But what if this writer, inspired by seeing a small-town Fourth of July parade, creates a fictional character, who clings to the past and is afraid of the new. Let’s call him Ray. He’s a mechanic, a restorer of cars. His daughter marries someone of another race or religion. Then a family that Ray sees as “foreign” moves in next door. He’s angry. He’s used to fixing things, but he can’t fix this. He doesn’t have the tools. His world is disrupted. Now we have the beginnings of a story. Because fiction is about transformation, we know Ray must change, but how and why? What actions will he take?

In what ways will the daughter and neighbors also transform? Will they help Ray through a crisis? Will he help them? The writer avoids a timeworn polemic and explores universal human truths about choosing to love and making things right. Whether humorous, poignant, or tragic, the story becomes timeless. Through writing it, through reading it, we discover our own ability or inability to love deeply and to restore lovingly what’s been damaged.

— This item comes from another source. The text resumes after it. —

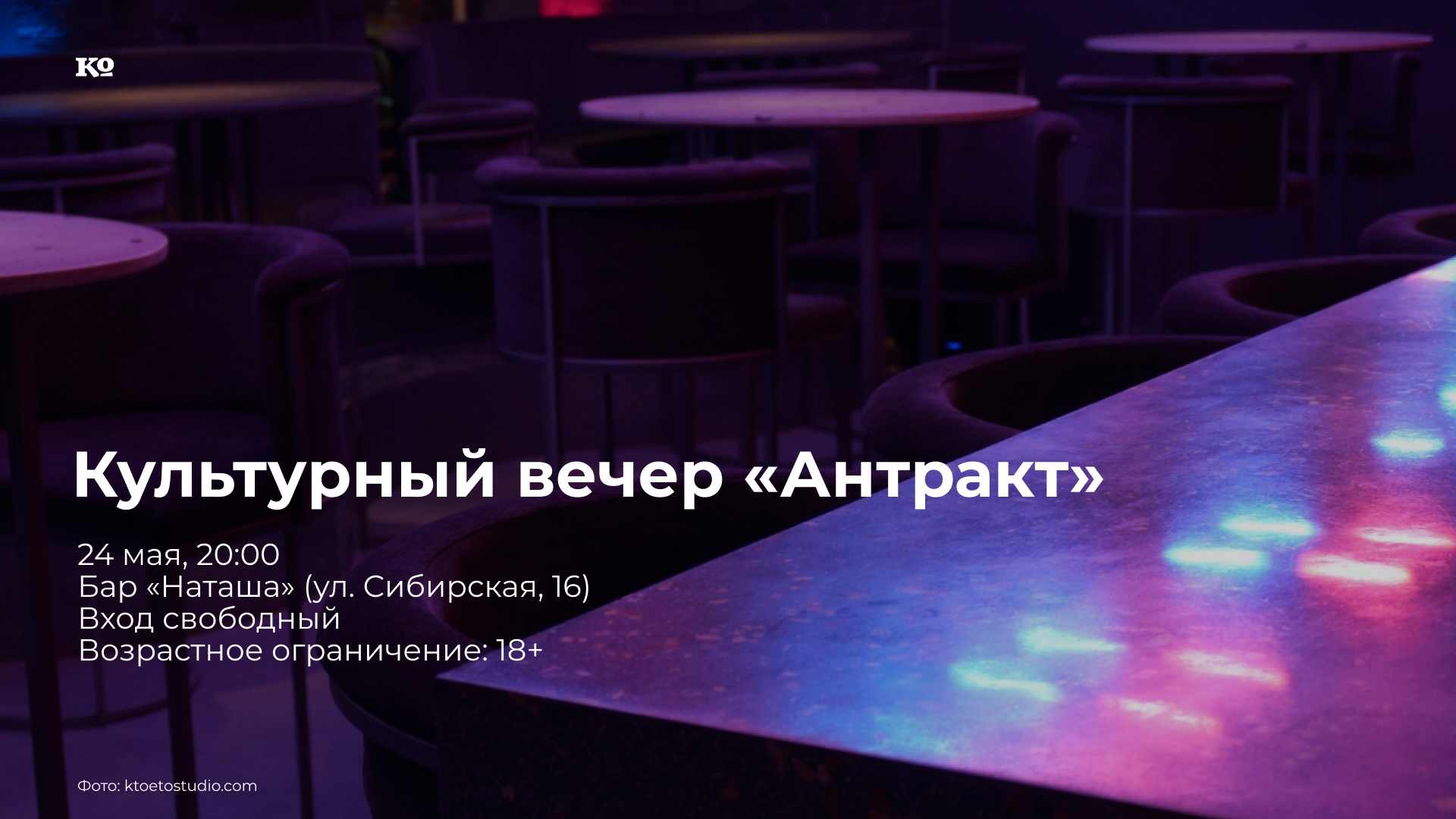 В пермском баре «Наташа» сегодня запланирован культурный вечер «Антракт». В программе: фрагмент из моноспектакля актрисы Люси Прохоренко «Пьяный «космонавт», выступления оперной певицы и контрабасиста, DJ-сет на виниле и околосветские беседы. В буфете будут угощать настойками, фирменными бутербродами и круассанами от кондитерской «Классика жанра».

Wherever fiction is set, past or present, fictional town or real, when it’s grounded in human truths, it will ring true for readers now and into the future. Without human truths, fiction would feel false. By telling truths with imagination, we make fiction readable, believable and memorable.

Go to https://courses.christinewalker.net for a free trial of my online course “Writing Fiction: 9 Ways to Mastery.”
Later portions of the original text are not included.